__What to produce__: Quote the listing below in its entirety, omitting every image.

__Given information__:
____________________
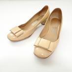 サルヴァトーレフェラガモ Salvatore Ferragamo ヴァラ パンプス リボン エナメル レザー プレーントゥ ヒール 7 B 約24.5cm 黒
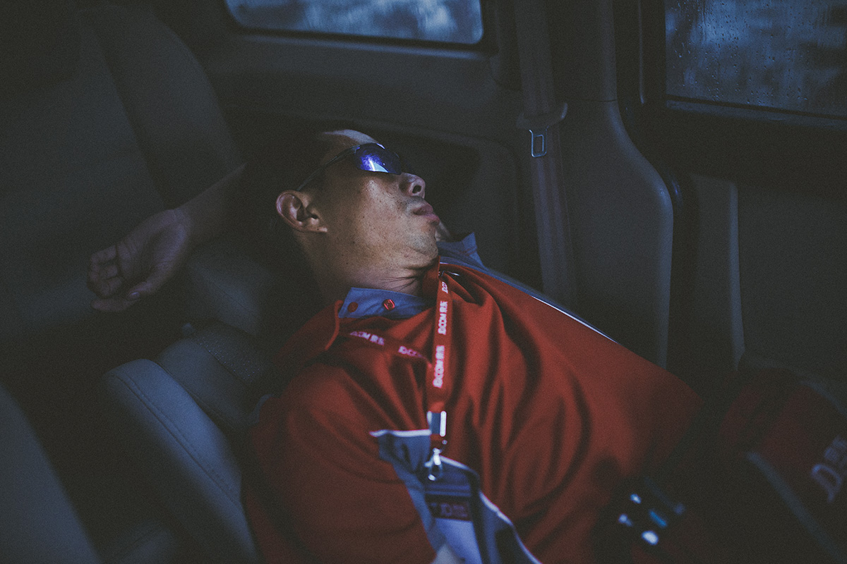 在码头排队等船时,下起了雨,石师傅坐回车上观望。一时半会儿,不会来船了,他戴上墨镜遮光,放平座椅靠背,用胳膊枕着头打盹。雨点打在车顶棚,他躺了一会儿,突然又坐直起来,向前张望。大多时候,他根本就睡不着。
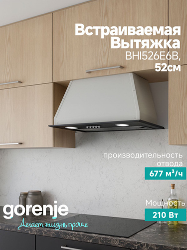 Вытяжка GORENJE BHI526E6B встраиваемая в шкаф 52 см, 677 м/ч, чёрная
____________________
__Response to this exercise__:
 サルヴァトーレフェラガモ Salvatore Ferragamo ヴァラ パンプス リボン エナメル レザー プレーントゥ ヒール 7 B 約24.5cm 黒
 在码头排队等船时,下起了雨,石师傅坐回车上观望。一时半会儿,不会来船了,他戴上墨镜遮光,放平座椅靠背,用胳膊枕着头打盹。雨点打在车顶棚,他躺了一会儿,突然又坐直起来,向前张望。大多时候,他根本就睡不着。
 Вытяжка GORENJE BHI526E6B встраиваемая в шкаф 52 см, 677 м/ч, чёрная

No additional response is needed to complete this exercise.